Brian Major | March 25, 2016 1:00 PM ET
Humanity Wins When Fear Of Terrorism Strikes Out
Terrorists penned yet another violent episode of death and injury on an unsuspecting citizenry in Brussels last week. These events follow similar, highly publicized attacks in Paris, France and San Bernadino, Calif., and comparatively little-noticed, but no less horrific, massacres on an Ivory Coast beach and an intersection in Ankara, Turkey’s capital.
This past week a neighbor, aware of my work as a travel writer, asked if I’d henceforth fear traveling to Europe following the Brussels attacks. Although I don’t share it, I definitely understand her apprehension.
These devastating events truly seem to occur with frightening frequency nowadays.

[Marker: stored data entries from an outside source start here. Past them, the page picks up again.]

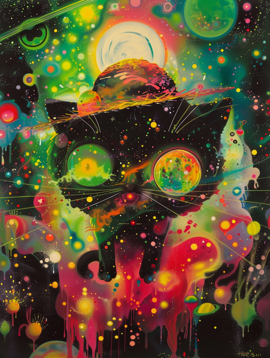 Colorful space Tonkinese cat with a hat Expressive surreal Poster # F025280
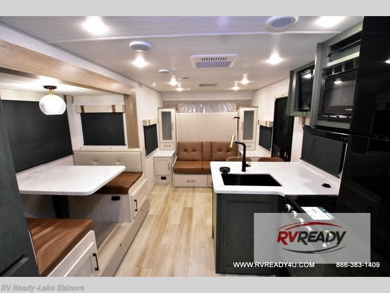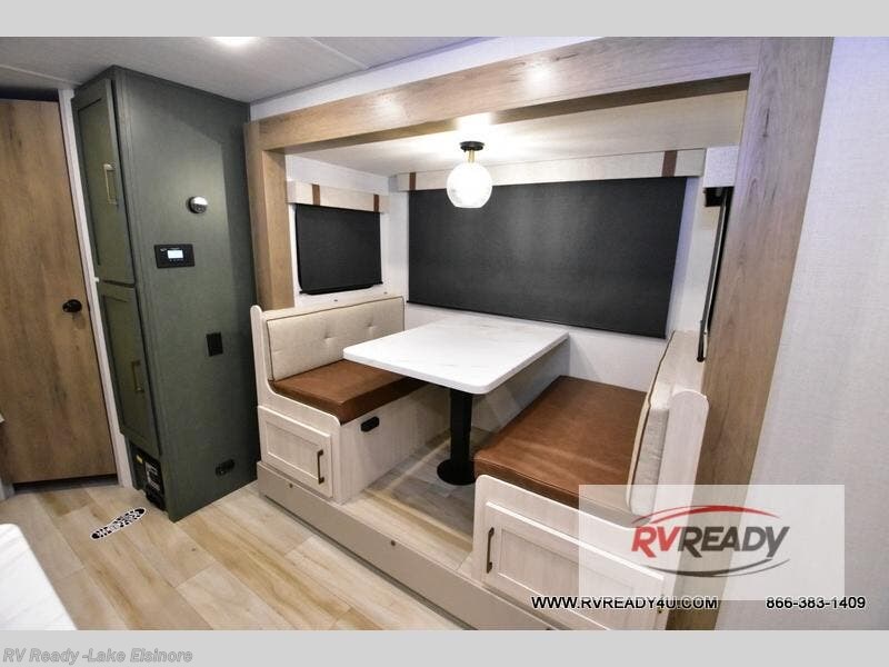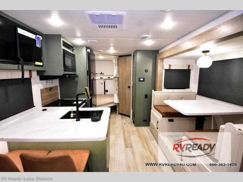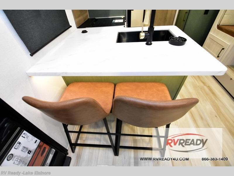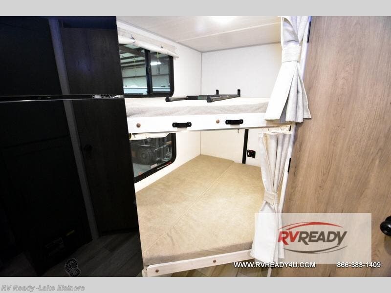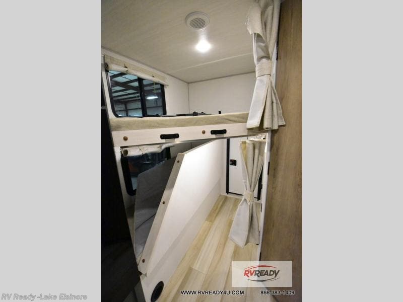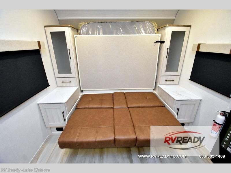 Pack up this very versatile Murphy bed travel trailer and head out to explore! You will love the space saving aspect that a Murphy bed gives you by not increasing the tow length in order to give you a separate bedroom and living space, and you don't even have to make the bed, just fold it up into the wall in the morning! Double-size bunks in the rear corner are perfect for accommodating both children and adults. The kitchen offers everything a cook would need to feed the whole gang and there is even a counter bar area with two stools which will be perfect for breakfast time. There is a booth dinette slide for more dining space, or a place to enjoy a board game or card game when you are inside. When the optional Beast Mode Package on this model is chosen, you'll enjoy a 400-watt solar package, a fresh water filter, a Maxxair roof vent cover, plus a Beast Mode independent suspension for better handling.
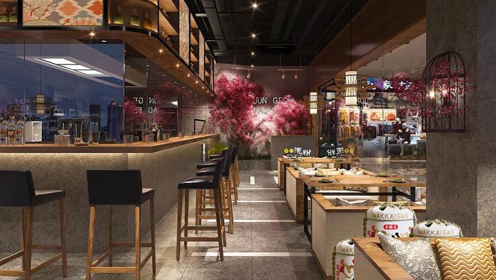 特色小吃店餐區裝修設計:特色小吃配上特色的室內設計,讓客戶在這里感受到的不僅是美味的小吃,同時感受到的還有室內溫馨的環境,這樣的搭配讓小吃店擁有更多的競爭優勢。
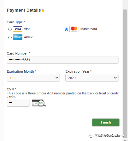10. 选择你的信用卡类型、输入信用卡号、有效期的月和年、CVN号(信用卡背面有一串数字的最后单独3位数),点Finish,注意一张信用卡只能注册一个账号(建议确认上方是否为真实身份信息,毕竟只能注册一次)

At times it’s hard to determine if our contemporary world, riven by a pervasive strife born of a myriad of political and personal disputes, has really become more dangerous, or if digital media’s omnipresence has simply provided instant access to the daily dissention that in many ways defines human history.
But even a cursory look back suggests there’s little new under our contemporary sun. Human events going back to antiquity are filled with indiscriminate violence intended to achieve political, religious or ideological goals.
Recorded history regards the Sicarii of Judea, the 1st century “dagger men,” who attacked prominent Jewish collaborators with Roman rule, as among the earliest terrorists. Historian Josephus describes the band as operating within crowds at large festivals, utilizing daggers hidden underneath their cloaks to murder their chosen victims. Following their attacks, Sicarii members would quietly stroll into anonymity amid panicked crowds.
Contrary to contemporary beliefs, the 11th century Hashshashin was not compelled by hashish-smoking, but by enmity for their opponents in the wake of Holy Land unrest caused by the Crusades. The Shia Muslim group assassinated Persian governors and military commanders whose forces they were too small to assault outright.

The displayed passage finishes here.